John Dixwell (1607 – 18 March 1689) was an English man who sat in Parliament, fought for the Parliamentary cause in the English Civil War, and was one of the Commissioners who sat in judgement on King Charles I and condemned him to death. At the Restoration he fled to Connecticut where he lived out the rest of his life as John Davids untroubled by the authorities who thought him dead.

He was the younger son of Edward Dixwell, but was raised by his uncle Basil Dixwell of Broome Park, near Canterbury in Kent. He became a colonel in the Parliamentary army and was active on various county committees, and was elected to the Long Parliament of 1640 as MP for Dover. He was appointed governor of Dover Castle by Oliver Cromwell. Dixwell was a member of four parliaments. He was one of fifty-nine signatories of the death warrant of King Charles I. After the Restoration, the Act of Indemnity and Oblivion was passed in August 1660, granting pardon to those who supported the Commonwealth and Protectorate, but it specifically exempted those who had played a direct role in the trial and execution of King Charles I eleven years previously.
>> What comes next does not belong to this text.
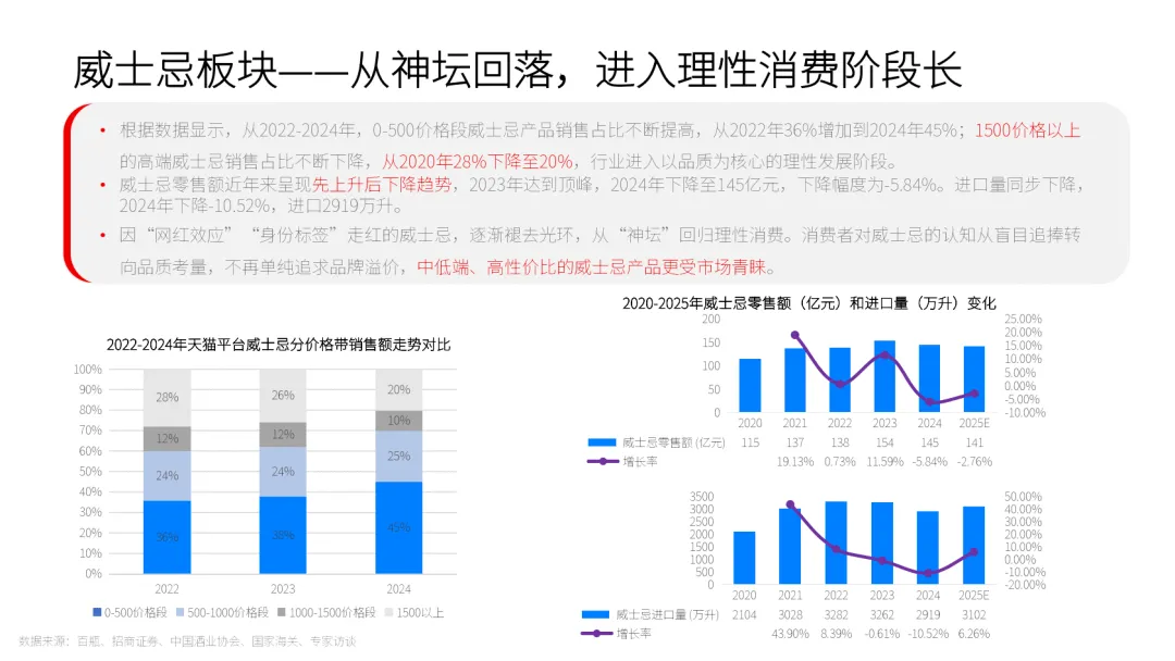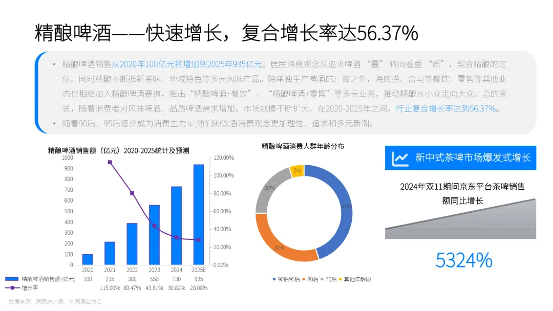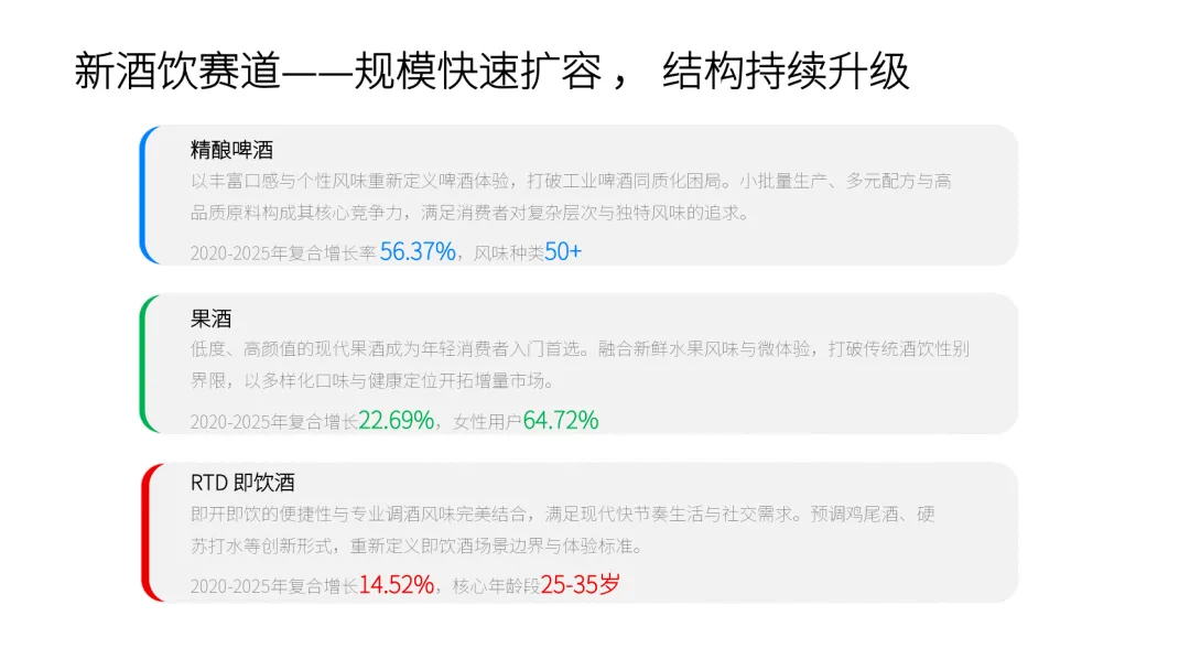 传统酒类全面下滑,白酒产量连续多年萎缩,2025 年 1-10 月同比下降 11.5%,啤酒、葡萄酒、威士忌市场均面临增长乏力。而新酒饮赛道规模快速扩容,精酿啤酒、果酒、RTD 即饮酒成为核心增长点,2020-2025 年复合增长率分别达 56.37%、22.69%、14.52%,2025 年市场规模预计达 1351 亿元。

Dixwell was condemned to death as a regicide, but escaped this punishment by fleeing to New Haven, Connecticut. He assumed the name John Davids and was reunited in 1664 with two other men likewise condemned, William Goffe and Edward Whalley, who had found refuge in Hadley, Massachusetts. The two had initially settled in Massachusetts, but fled for New Haven when their safety was compromised. They were housed by Rev. John Davenport. After a reward was offered for their arrest, they pretended to flee to New York City, but instead returned by a roundabout way to New Haven. In May, the Royal order for their arrest reached Boston, and was sent by the Governor to William Leete, Governor of the New Haven Colony, residing at Guilford. Leete delayed the King's messengers, allowing Goffe and Whalley to disappear. They spent much of the summer in Judges' Cave at West Rock.